SGPLOT minimizes the Asymptotic Mean Integrated Square Error (AMISE) for the kernel density function. According to PROC UNIVARIATE
, which also can do KDE:
By default, the procedure uses the AMISE method to compute kernel density estimates.
PROC UNIVARIATE documentation
We can confirm that they both have the same default by comparing the output.
proc univariate data=sashelp.cars;
var horsepower;
histogram / kernel;
run;
In the log, we find:
NOTE: The normal kernel estimate for c=0.7852 has a bandwidth of 21.035 and an AMISE of 392E-7.
Let's plot them together and compare the values.
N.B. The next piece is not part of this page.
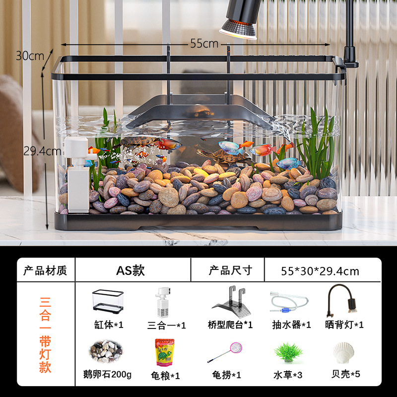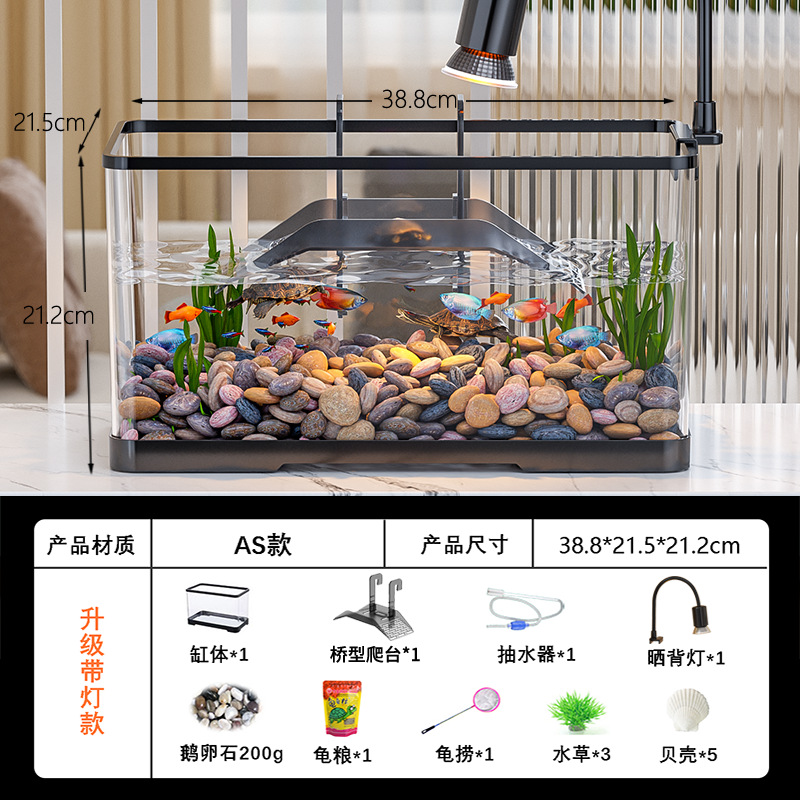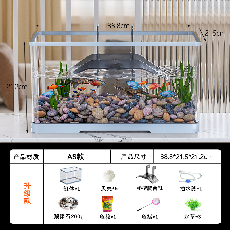 넓은 법원 물고기 거북 혼합 탱크 데스크탑 어항 거실 전용 탱크 작은 물고기 탱크 수족관 금붕어 얼룩말 공작 어항스토어 가기

proc sgplot data=sashelp.cars;
density horsepower/TYPE=KERNEL;
density horsepower/TYPE=KERNEL(c=0.7852);
ods output sgplot;
run;
data diff;
set sgplot;
abs_diff = abs(KERNEL_Horsepower____Y - KERNEL_Horsepower_C_0_7852____Y);
run;
proc univariate data=diff;
var abs_diff;
run;

The average difference between all points plotted is 1.65x10^-9, with the overall largest being 6.76x10^-9. This is, essentially, zero. The reason for the differences is that the c-value given to the user in the log is lower precision than the one calculated by proc sgplot
. You can get a higher precision estimate with the outkernel=
option in proc univariate
as well.